### [EXERCISE DIRECTIONS]
Under this line are the records; repeat exactly the lines starting at the one containing "Чудесна ваза с" and ending at the one containing "with drilling, cutting, heat", omitting pictures.

### [GIVEN ENTRIES]
══════

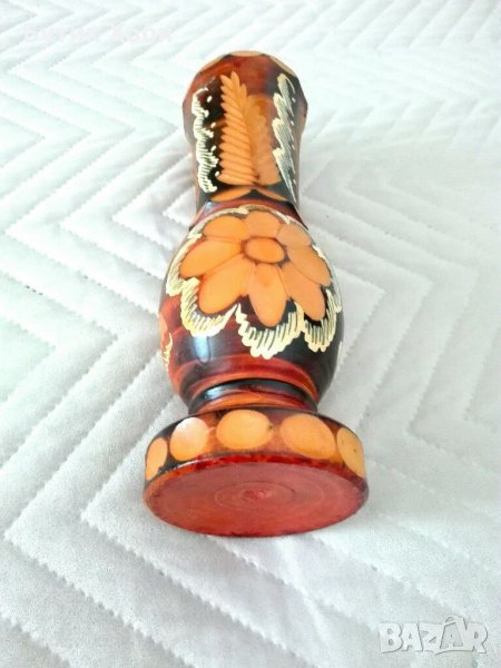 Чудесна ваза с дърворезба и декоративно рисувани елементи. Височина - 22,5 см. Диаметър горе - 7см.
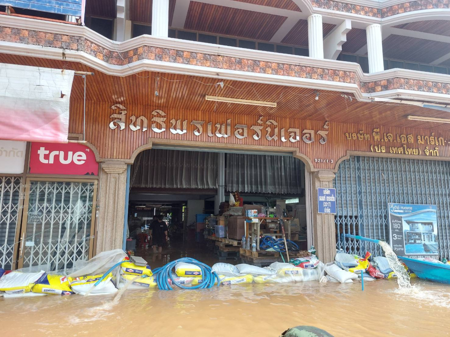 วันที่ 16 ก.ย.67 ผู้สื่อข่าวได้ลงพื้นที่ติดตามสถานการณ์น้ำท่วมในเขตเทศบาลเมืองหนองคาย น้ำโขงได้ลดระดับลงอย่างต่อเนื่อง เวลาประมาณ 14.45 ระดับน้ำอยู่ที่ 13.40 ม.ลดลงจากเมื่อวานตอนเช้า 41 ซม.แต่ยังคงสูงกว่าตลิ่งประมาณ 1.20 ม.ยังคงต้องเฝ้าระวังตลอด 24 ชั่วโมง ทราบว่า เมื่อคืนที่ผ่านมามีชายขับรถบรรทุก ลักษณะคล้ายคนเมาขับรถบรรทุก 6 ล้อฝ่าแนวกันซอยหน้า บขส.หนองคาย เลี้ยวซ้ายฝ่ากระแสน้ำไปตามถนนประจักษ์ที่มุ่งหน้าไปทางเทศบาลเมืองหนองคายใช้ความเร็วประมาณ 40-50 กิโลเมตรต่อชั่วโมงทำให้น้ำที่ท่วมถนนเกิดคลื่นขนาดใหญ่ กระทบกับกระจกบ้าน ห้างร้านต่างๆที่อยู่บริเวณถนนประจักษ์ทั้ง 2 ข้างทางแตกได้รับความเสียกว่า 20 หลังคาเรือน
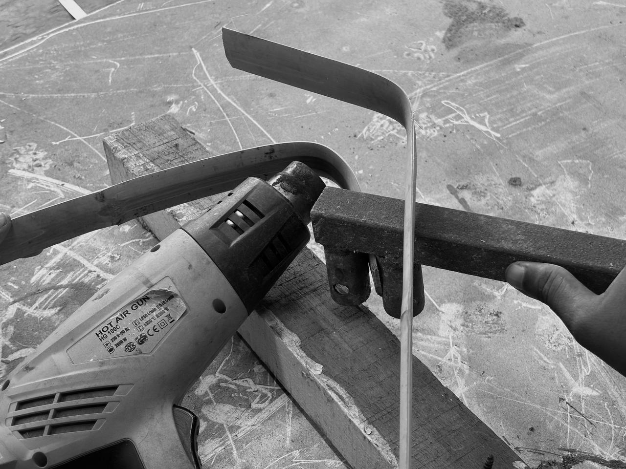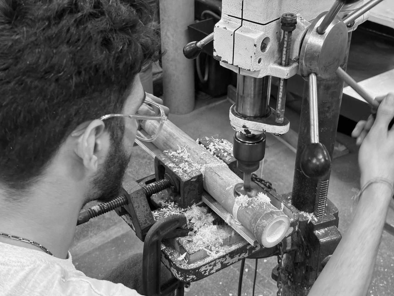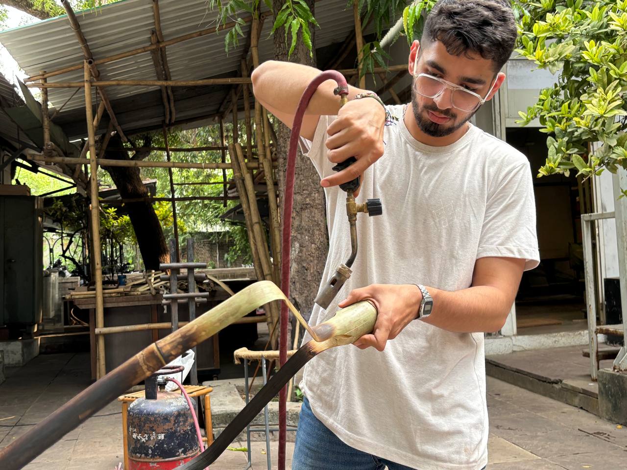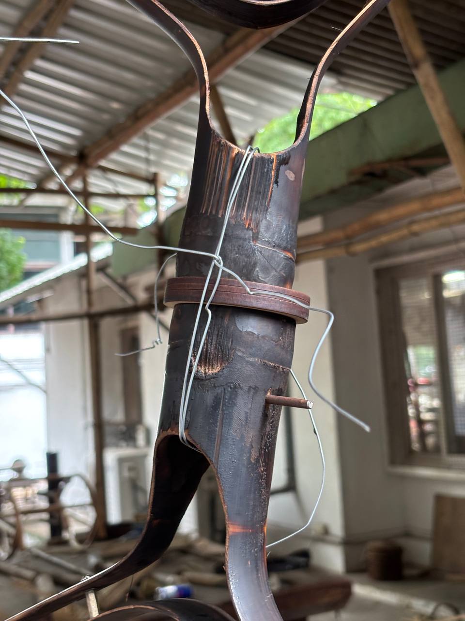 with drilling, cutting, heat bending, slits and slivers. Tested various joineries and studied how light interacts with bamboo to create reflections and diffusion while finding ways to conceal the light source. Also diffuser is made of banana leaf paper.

══════

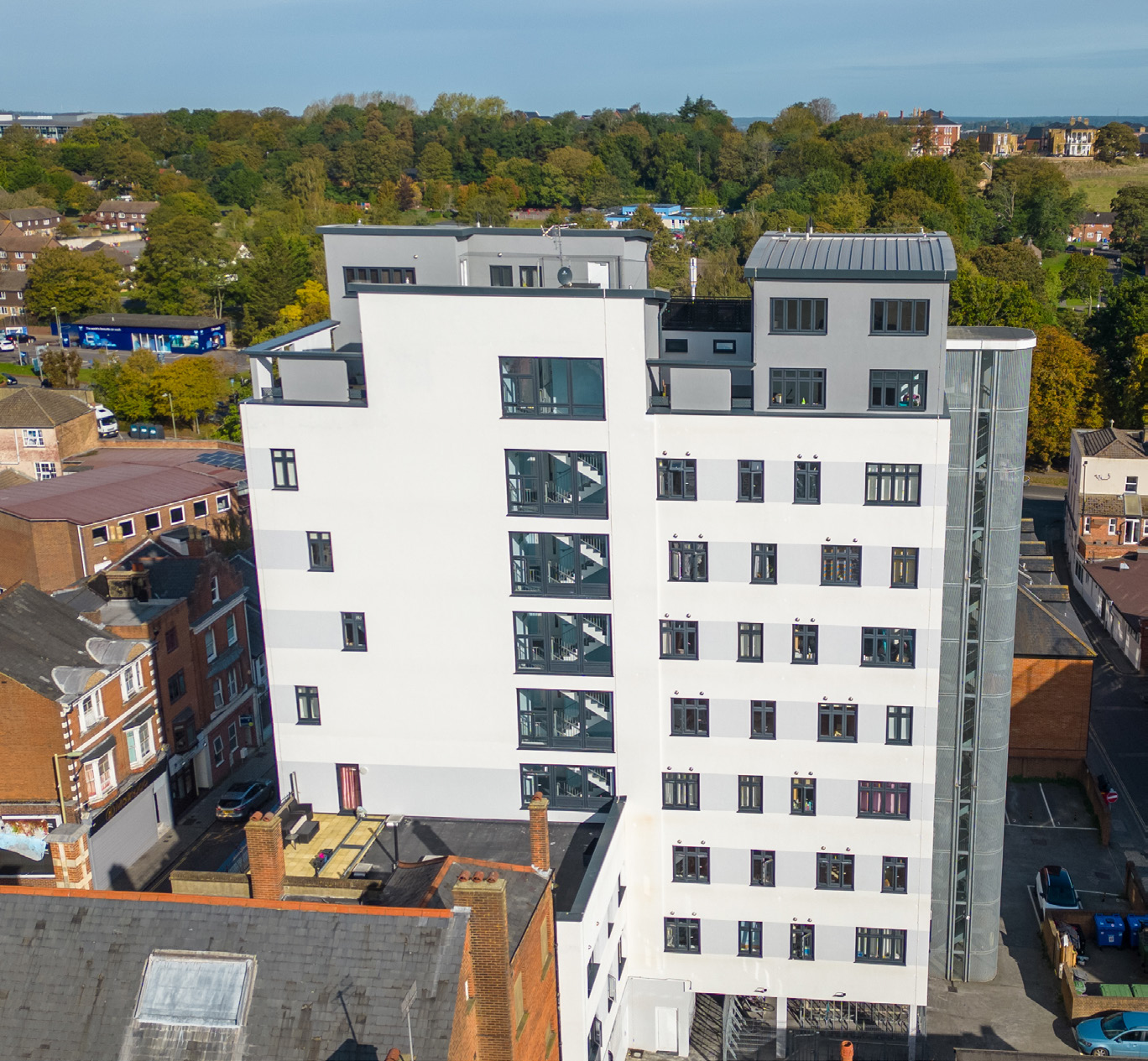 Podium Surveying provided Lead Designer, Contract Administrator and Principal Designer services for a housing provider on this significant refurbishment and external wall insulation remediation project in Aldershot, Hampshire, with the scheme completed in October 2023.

══════

### [EXPECTED ANSWER]
 Чудесна ваза с дърворезба и декоративно рисувани елементи. Височина - 22,5 см. Диаметър горе - 7см.
 วันที่ 16 ก.ย.67 ผู้สื่อข่าวได้ลงพื้นที่ติดตามสถานการณ์น้ำท่วมในเขตเทศบาลเมืองหนองคาย น้ำโขงได้ลดระดับลงอย่างต่อเนื่อง เวลาประมาณ 14.45 ระดับน้ำอยู่ที่ 13.40 ม.ลดลงจากเมื่อวานตอนเช้า 41 ซม.แต่ยังคงสูงกว่าตลิ่งประมาณ 1.20 ม.ยังคงต้องเฝ้าระวังตลอด 24 ชั่วโมง ทราบว่า เมื่อคืนที่ผ่านมามีชายขับรถบรรทุก ลักษณะคล้ายคนเมาขับรถบรรทุก 6 ล้อฝ่าแนวกันซอยหน้า บขส.หนองคาย เลี้ยวซ้ายฝ่ากระแสน้ำไปตามถนนประจักษ์ที่มุ่งหน้าไปทางเทศบาลเมืองหนองคายใช้ความเร็วประมาณ 40-50 กิโลเมตรต่อชั่วโมงทำให้น้ำที่ท่วมถนนเกิดคลื่นขนาดใหญ่ กระทบกับกระจกบ้าน ห้างร้านต่างๆที่อยู่บริเวณถนนประจักษ์ทั้ง 2 ข้างทางแตกได้รับความเสียกว่า 20 หลังคาเรือน
 with drilling, cutting, heat bending, slits and slivers. Tested various joineries and studied how light interacts with bamboo to create reflections and diffusion while finding ways to conceal the light source. Also diffuser is made of banana leaf paper.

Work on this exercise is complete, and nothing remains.